_THE PROBLEM:_ Reproduce the records below exactly from their first line through the line containing "Цвет #62AD92 в", omitting all pictures.
• • • •
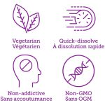 Livre de corantes artificiais, conservantes ou adoçantes; sem amido, trigo, glúten, fermento, soja, ovo, peixe, marisco, sal, nozes ou OGM. Adequado para vegetarianos.
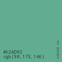 Цвет #62AD92 в цветовой модели RGB обозначается тремя октетами (98, 173, 146) в десятичном формате и #62AD92 в шестнадцатиричном (hex) формате, которые являются интенсивностью красного 98 (hex 62), интенсивность зелёного 173 (hex AD) и интенсивность синего 146 (hex 92).
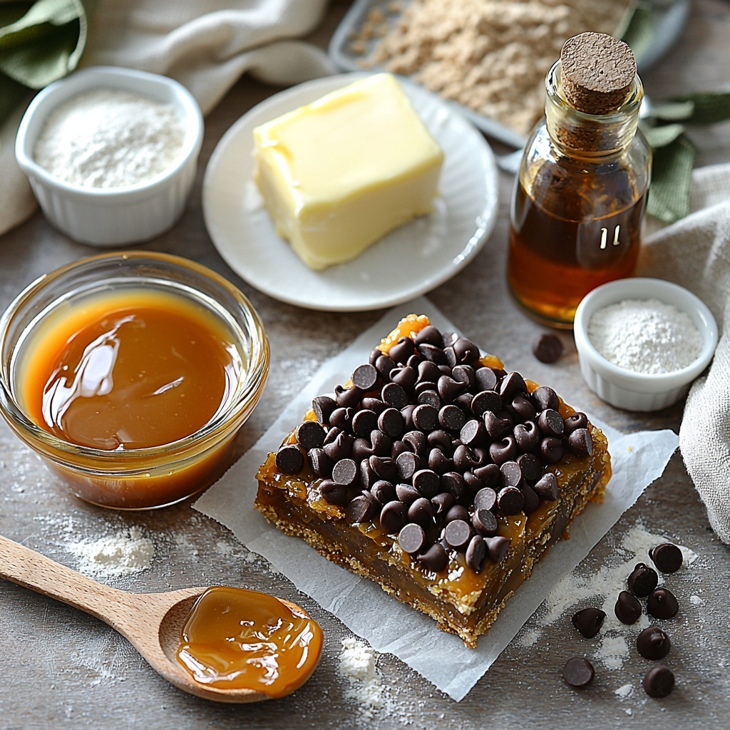 The magic of these Caramel Crush Bars lies in their simple yet thoughtfully chosen ingredients. Each one plays a crucial role: the butter brings richness and tenderness, brown sugar adds warmth and depth, flour forms the sturdy but soft structure, while the caramel sauce and chocolate chips create that irresistible gooey and indulgent finish.
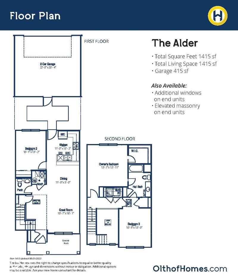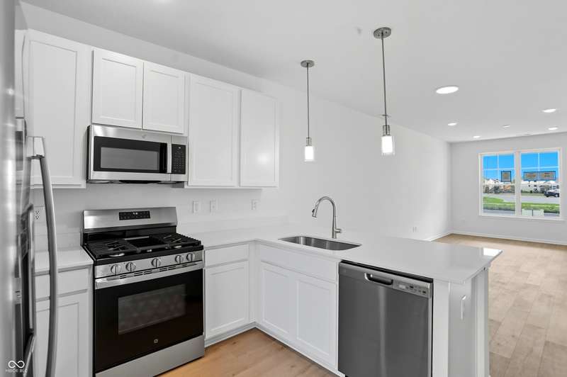 Welcome to The Adler by Olthof Homes. This thoughtfully designed low-maintenance townhome offers 1,415 square feet of modern living across two spacious levels. This open-concept floor plan features 9-foot ceilings on the first floor, creating an airy, inviting atmosphere perfect for everyday living and entertaining. Enjoy the convenience of a first-floor bedroom and full bath, ideal for guests, a home office, or multigenerational living. The designer kitchen boasts quartz countertops, stainless steel appliances, and plenty of space to cook and gather. Upstairs, you'll find two additional bedrooms and a second full bath, providing flexible space for family or hobbies. Step outside to your private, fenced-in courtyard, perfect for relaxing or enjoying your morning coffee.
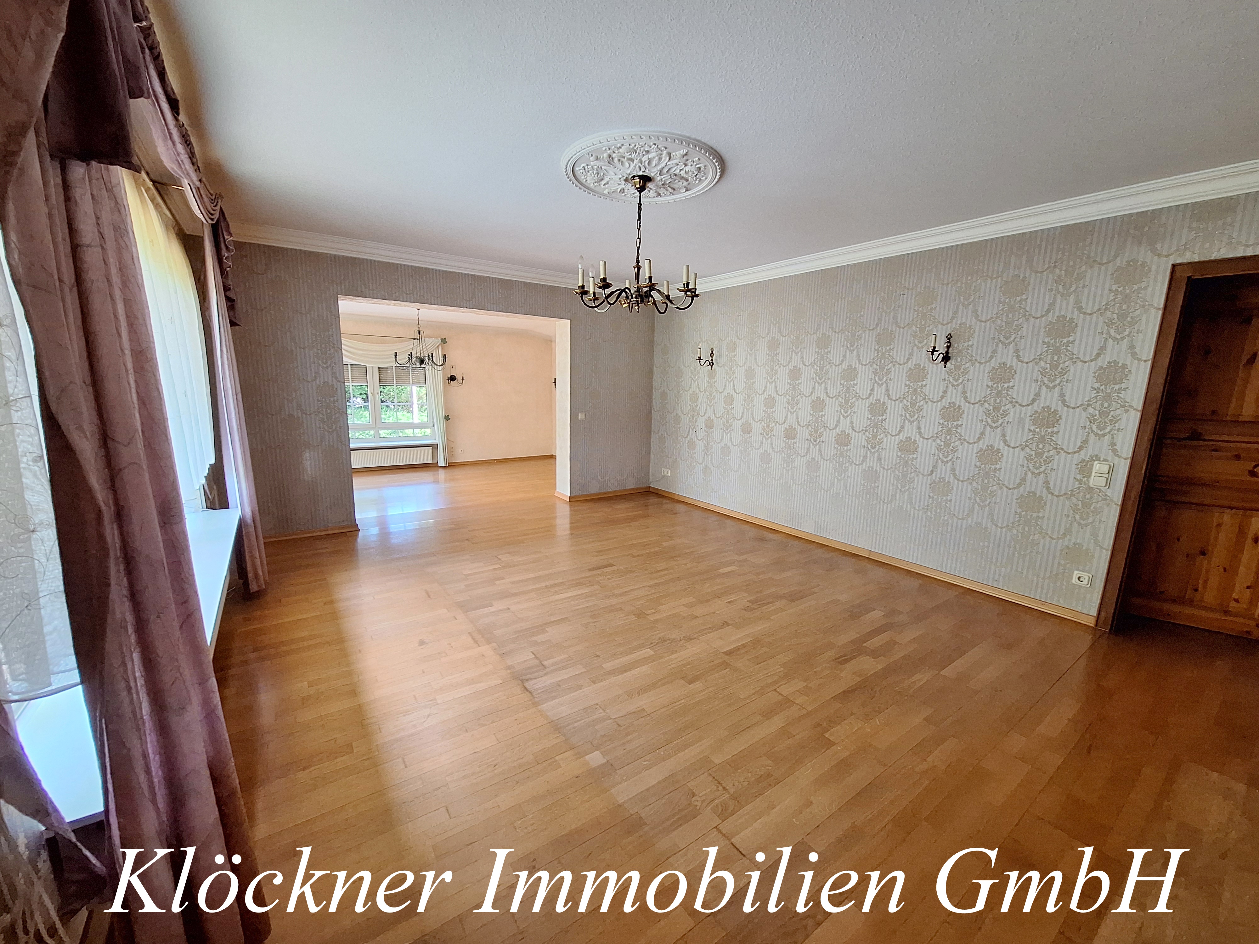 Die Immobilie hat 2 separate Eingänge. Der 1 Eingang bietet Zugang zu 2 getrennten Wohneinheiten. Durch die im Jahr 1989 durchgeführte Aufstockung wurde das Dachgeschoss ausgebaut. Auf ca. 150 m² befinden sich 3 Schlafzimmer, 2 Bäder, HWR, Küche, Wohnbereich und überdachte Loggia. Der sehr helle Wohnbereich besticht durch seinen Blick ins Grüne und durch die freigelegten Dachbalken.
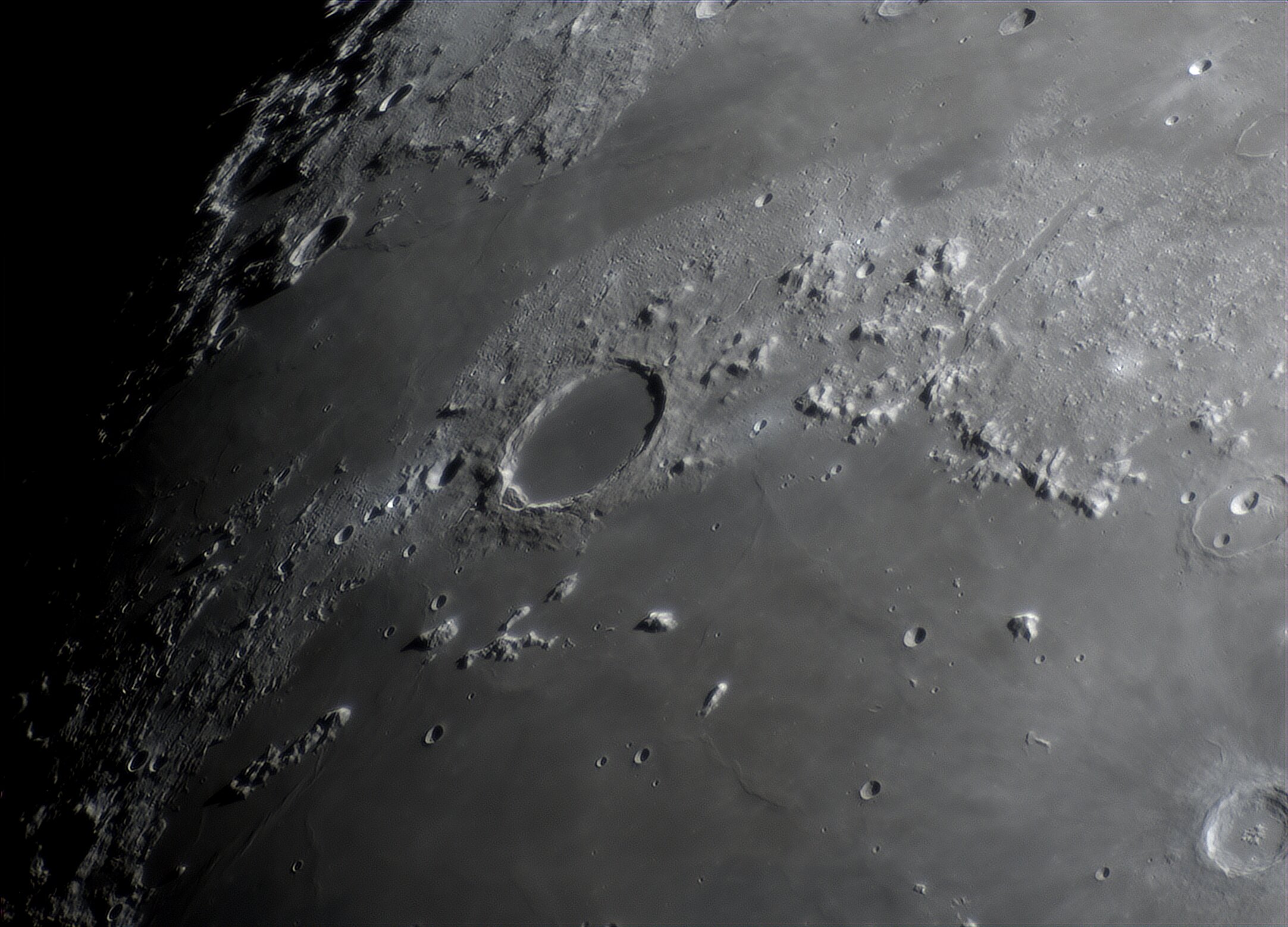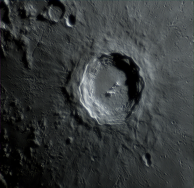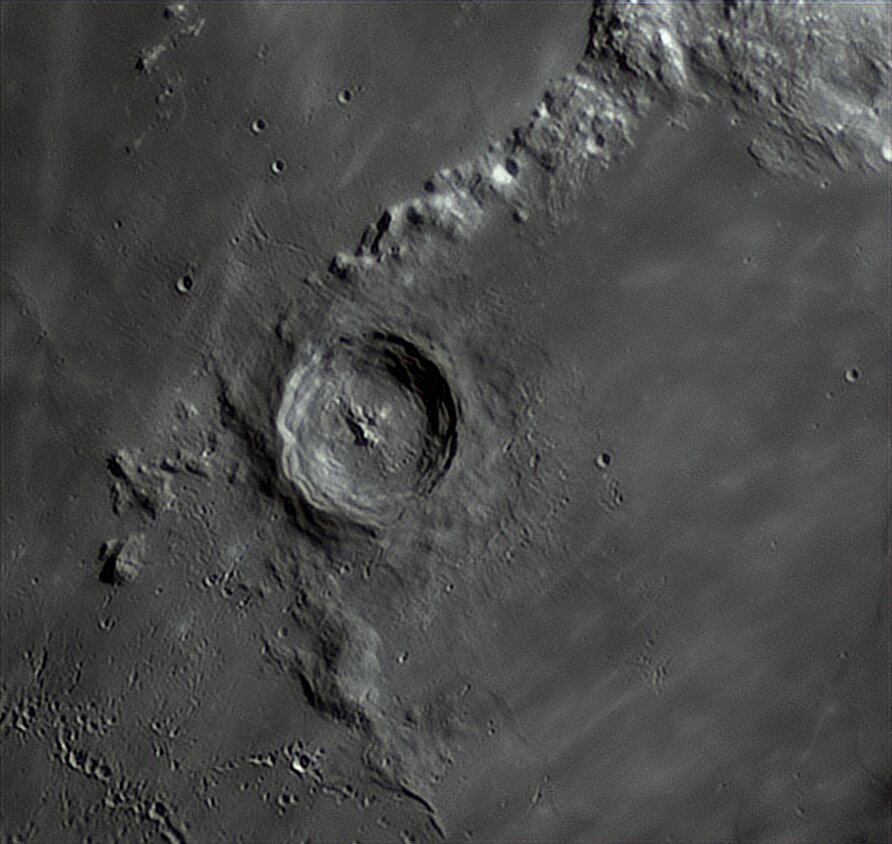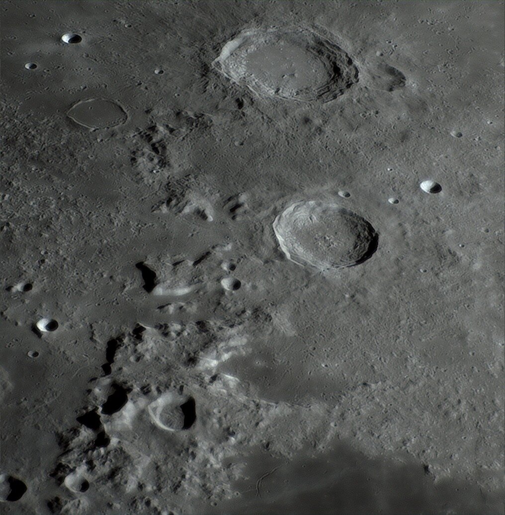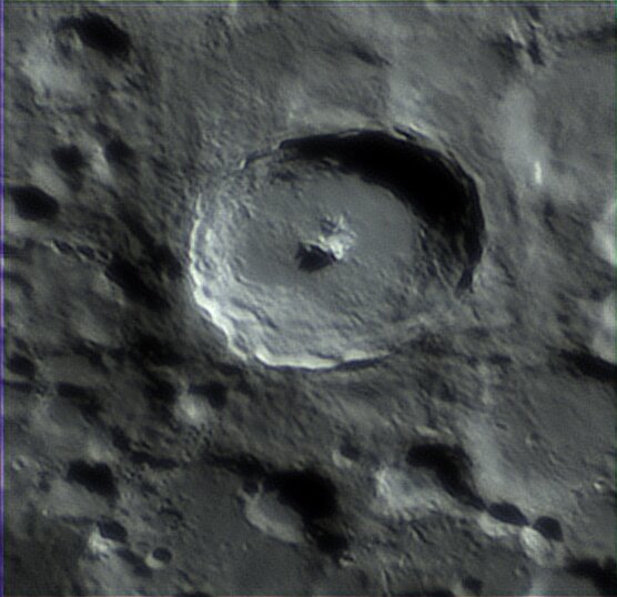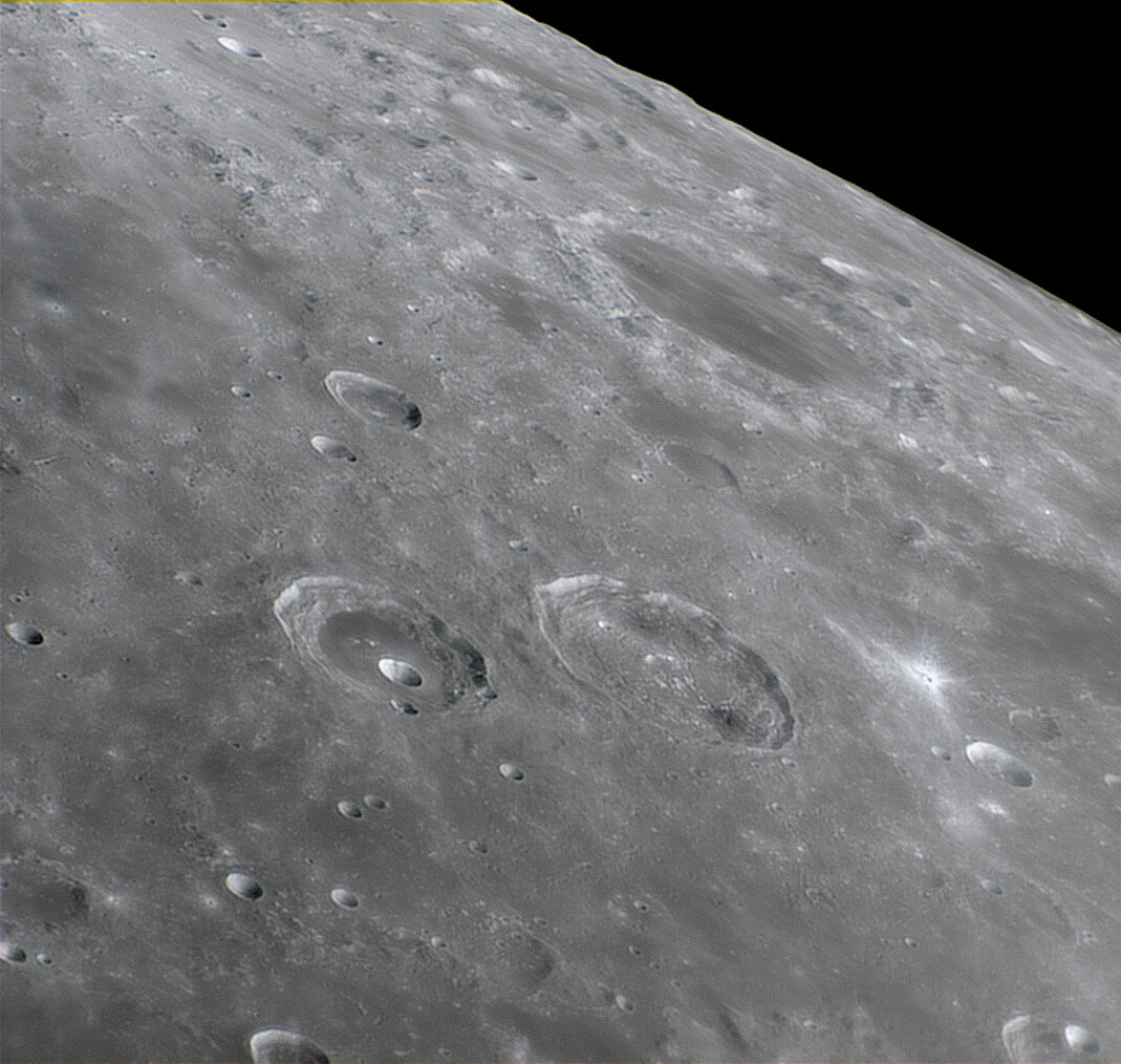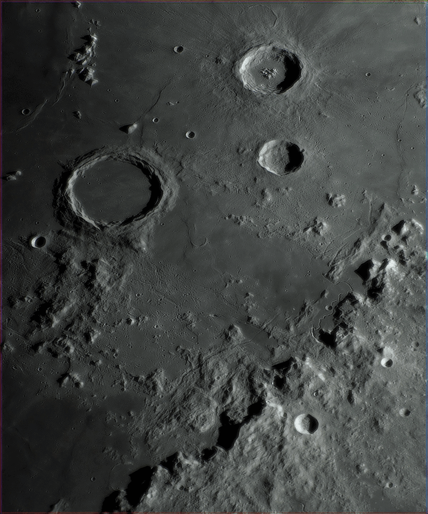 Bonsoir, Je vous propose quelques images au Newton 200/1000, camera ZWO ASI 533C, barlow x3 (x4,xx avec le tirage -> échant. entre 0.175 et 0.178 "/px). Lociciels FireCapture, AS!4, DStation, AstroSurface et Gimp. Bonnes conditions le 25, nettement moins bien le 26 car variables et pas mal de turbulences . Je commence donc par le 26 🙂 Tycho : Eratosthenes : Pitatus (en haut) : Copernicus : Le même comme "vu de face" : Le même en 3D (relief x2 env.) : Clavius : Environs Vallée des Alpes : Images du 25 février Aristoteles et Eudoxus : Hercules : Autour d'Hadley (image gif renseignée) : En version 3D (relief x1,5 env.) : Entre Ptolemaeus et Tycho (mosaïque x1,26) : Bon visionnage A+ GO
• • • •
_SOLUTION TO THIS PROBLEM:_
 Livre de corantes artificiais, conservantes ou adoçantes; sem amido, trigo, glúten, fermento, soja, ovo, peixe, marisco, sal, nozes ou OGM. Adequado para vegetarianos.
 Цвет #62AD92 в цветовой модели RGB обозначается тремя октетами (98, 173, 146) в десятичном формате и #62AD92 в шестнадцатиричном (hex) формате, которые являются интенсивностью красного 98 (hex 62), интенсивность зелёного 173 (hex AD) и интенсивность синего 146 (hex 92).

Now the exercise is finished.